Southern Food and Beverage Wiki
Southern Food and Beverage Wiki
File-FrenchMarketShedVenders2

In 1779 the Spanish government began regulating the markets of New Orleans, and built its first covered facility on Chartres Street. They controlled the accuracy of weights used by vendors, health standards and prices. After the Market burned in the fire of 1788, it was reopened closer to the Mississippi River, to facillate access to river traffic, where it remains today. In return for building and overseeing the market, the government gained several thousand pesos in revenue from licenses and taxes.

Until the Civil War, the Meat Market was the only place in the French Quarter to legally sell fresh meat. Before refrigeration, the most efficient means of shipping fresh meat was to keep it alive until you needed it. Until 1850, livestock was shipped via Lake Pontchatrain to wharves along the Carondelet Canal. Much of the beef came from the western prairie of Louisiana, but pork could come from as far away as the Mid-West, and professional hunters supplied the market with wild game. Historian Sally K. Reeves notes “All slaughtering had to be done in prescribed neighborhoods, under cover from the sun or before dawn, and the leavings disposed of according to ordinance. Before the sun rose, butchers transported their product to the market which was a frenzy of activity from sawn until 10am (noon in the winter).” Unsold meat was usually taken home to be consumed by the family, but some butchers’ families opened small restaurants near the French Market and served the cooked meat there.

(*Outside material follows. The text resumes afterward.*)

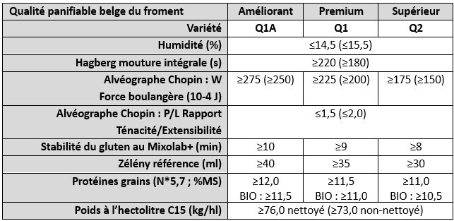 - Q1A (Froment panifiable améliorant belge) est de qualité panifiable semblable aux blés correcteurs en France et qualité E en Allemagne.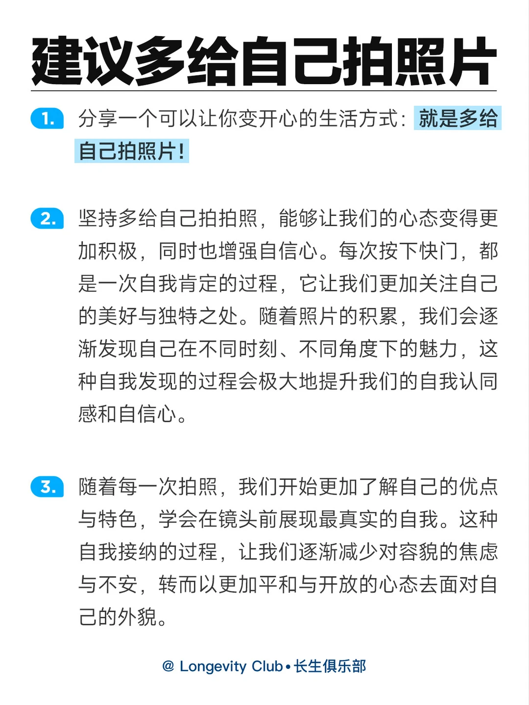 亲爱的朋友,请拿起手机或相机,多给自己拍些照片吧

The government, dependent on market revenue, faced competition in the form of the “private market” or “corner store,” so called because the entrance cut the street corner. City ordinance forbade the corner stores to sell perishables, so most of their sales were limited to canned, dried, baked or bottled goods. As a result, liquor was (and remains) one of the primary products in the corner store’s inventory. In addition, however, store owners managed to stock a wide variety of non-perishables.

The French Market has now become a tourist destination in New Orleans, and only a couple of the many vendors sell any sort of food at all. Most simply sell New Orleans souvenirs and mass produced goods to tourists. More and more small restaurants and produce stands are moving back into the renovated part of the market, re-claiming it as the original source of fresh food in the city.